#### MATERIAL SHOWN:
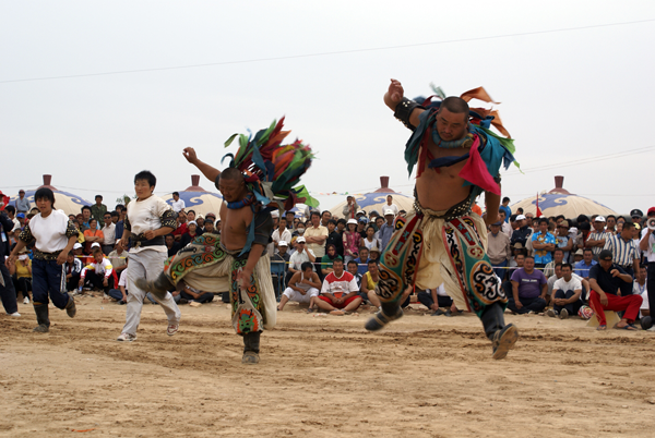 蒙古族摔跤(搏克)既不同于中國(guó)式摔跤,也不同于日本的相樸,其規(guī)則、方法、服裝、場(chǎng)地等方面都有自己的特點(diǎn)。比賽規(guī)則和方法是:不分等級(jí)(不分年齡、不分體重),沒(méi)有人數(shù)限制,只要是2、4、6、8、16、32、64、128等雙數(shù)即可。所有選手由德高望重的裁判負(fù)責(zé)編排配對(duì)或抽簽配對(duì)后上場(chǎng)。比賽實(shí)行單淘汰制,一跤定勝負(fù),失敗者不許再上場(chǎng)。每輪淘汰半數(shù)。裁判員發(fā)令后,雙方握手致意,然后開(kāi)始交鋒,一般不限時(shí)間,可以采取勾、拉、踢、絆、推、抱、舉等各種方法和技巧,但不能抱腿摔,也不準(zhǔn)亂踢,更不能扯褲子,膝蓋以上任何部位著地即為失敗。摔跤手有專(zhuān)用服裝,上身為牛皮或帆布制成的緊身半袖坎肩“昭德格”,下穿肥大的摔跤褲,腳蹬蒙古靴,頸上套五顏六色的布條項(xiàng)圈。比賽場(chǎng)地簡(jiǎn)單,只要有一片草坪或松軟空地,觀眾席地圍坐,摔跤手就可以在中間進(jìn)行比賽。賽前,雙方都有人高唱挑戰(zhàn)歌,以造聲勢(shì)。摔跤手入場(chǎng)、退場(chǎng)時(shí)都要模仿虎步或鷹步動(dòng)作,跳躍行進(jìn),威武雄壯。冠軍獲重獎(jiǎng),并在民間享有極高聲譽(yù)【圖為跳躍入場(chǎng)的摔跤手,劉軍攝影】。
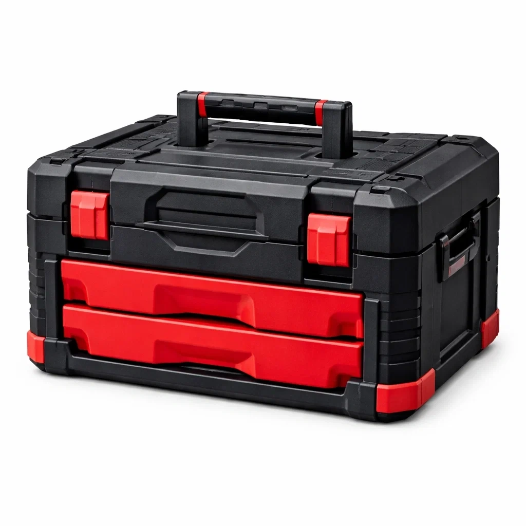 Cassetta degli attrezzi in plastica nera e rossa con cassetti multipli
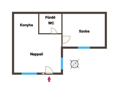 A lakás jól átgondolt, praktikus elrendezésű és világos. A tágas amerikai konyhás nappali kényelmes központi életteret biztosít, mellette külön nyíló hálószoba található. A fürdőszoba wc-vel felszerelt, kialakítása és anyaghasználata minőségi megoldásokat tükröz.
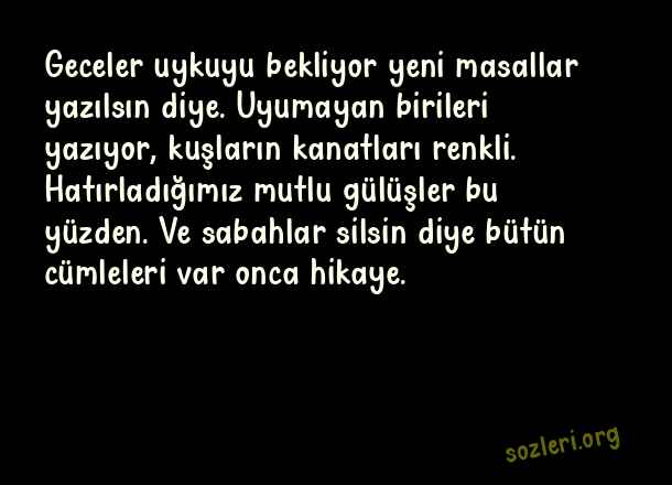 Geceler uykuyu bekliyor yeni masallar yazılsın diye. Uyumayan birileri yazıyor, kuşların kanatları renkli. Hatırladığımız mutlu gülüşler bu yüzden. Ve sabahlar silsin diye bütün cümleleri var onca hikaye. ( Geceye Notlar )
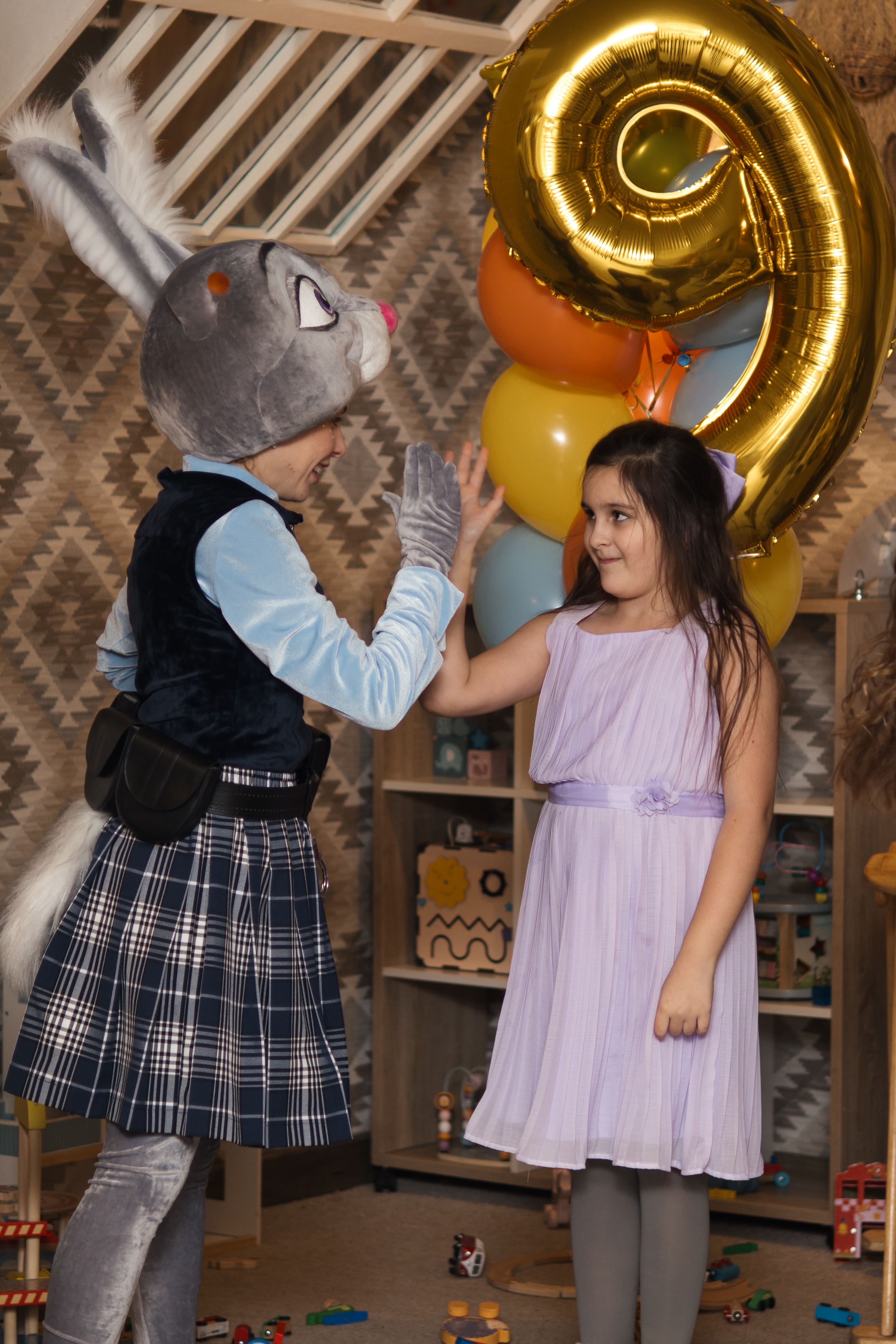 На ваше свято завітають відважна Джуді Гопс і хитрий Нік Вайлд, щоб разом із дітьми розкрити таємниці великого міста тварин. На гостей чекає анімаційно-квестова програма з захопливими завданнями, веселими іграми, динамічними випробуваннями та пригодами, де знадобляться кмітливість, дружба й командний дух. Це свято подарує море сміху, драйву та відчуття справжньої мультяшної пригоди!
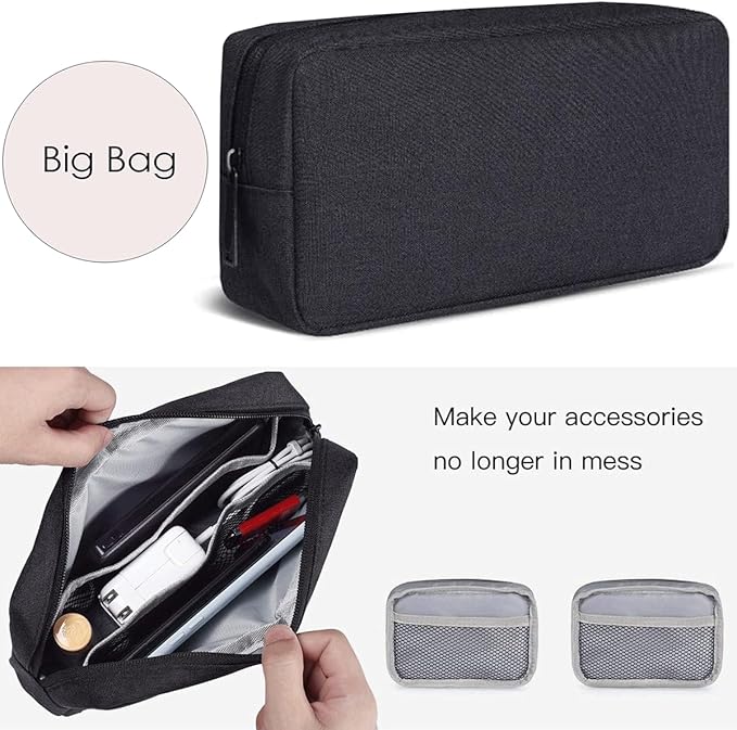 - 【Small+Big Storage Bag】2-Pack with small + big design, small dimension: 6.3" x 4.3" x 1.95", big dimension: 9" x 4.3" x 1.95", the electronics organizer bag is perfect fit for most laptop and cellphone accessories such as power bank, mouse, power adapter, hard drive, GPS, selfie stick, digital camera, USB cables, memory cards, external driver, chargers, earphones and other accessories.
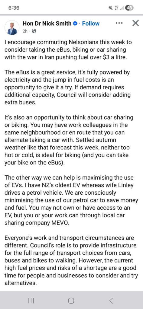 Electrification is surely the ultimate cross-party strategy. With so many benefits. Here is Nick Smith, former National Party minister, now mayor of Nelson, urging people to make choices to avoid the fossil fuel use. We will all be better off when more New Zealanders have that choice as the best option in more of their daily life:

#### EXERCISE BRIEF:
Write out again exactly the lines from the start of the data above through the line containing "Cassetta degli attrezzi", inclusive, excluding any pictures.

#### RESPONSE TO THE TASK:
 蒙古族摔跤(搏克)既不同于中國(guó)式摔跤,也不同于日本的相樸,其規(guī)則、方法、服裝、場(chǎng)地等方面都有自己的特點(diǎn)。比賽規(guī)則和方法是:不分等級(jí)(不分年齡、不分體重),沒(méi)有人數(shù)限制,只要是2、4、6、8、16、32、64、128等雙數(shù)即可。所有選手由德高望重的裁判負(fù)責(zé)編排配對(duì)或抽簽配對(duì)后上場(chǎng)。比賽實(shí)行單淘汰制,一跤定勝負(fù),失敗者不許再上場(chǎng)。每輪淘汰半數(shù)。裁判員發(fā)令后,雙方握手致意,然后開(kāi)始交鋒,一般不限時(shí)間,可以采取勾、拉、踢、絆、推、抱、舉等各種方法和技巧,但不能抱腿摔,也不準(zhǔn)亂踢,更不能扯褲子,膝蓋以上任何部位著地即為失敗。摔跤手有專(zhuān)用服裝,上身為牛皮或帆布制成的緊身半袖坎肩“昭德格”,下穿肥大的摔跤褲,腳蹬蒙古靴,頸上套五顏六色的布條項(xiàng)圈。比賽場(chǎng)地簡(jiǎn)單,只要有一片草坪或松軟空地,觀眾席地圍坐,摔跤手就可以在中間進(jìn)行比賽。賽前,雙方都有人高唱挑戰(zhàn)歌,以造聲勢(shì)。摔跤手入場(chǎng)、退場(chǎng)時(shí)都要模仿虎步或鷹步動(dòng)作,跳躍行進(jìn),威武雄壯。冠軍獲重獎(jiǎng),并在民間享有極高聲譽(yù)【圖為跳躍入場(chǎng)的摔跤手,劉軍攝影】。
 Cassetta degli attrezzi in plastica nera e rossa con cassetti multipli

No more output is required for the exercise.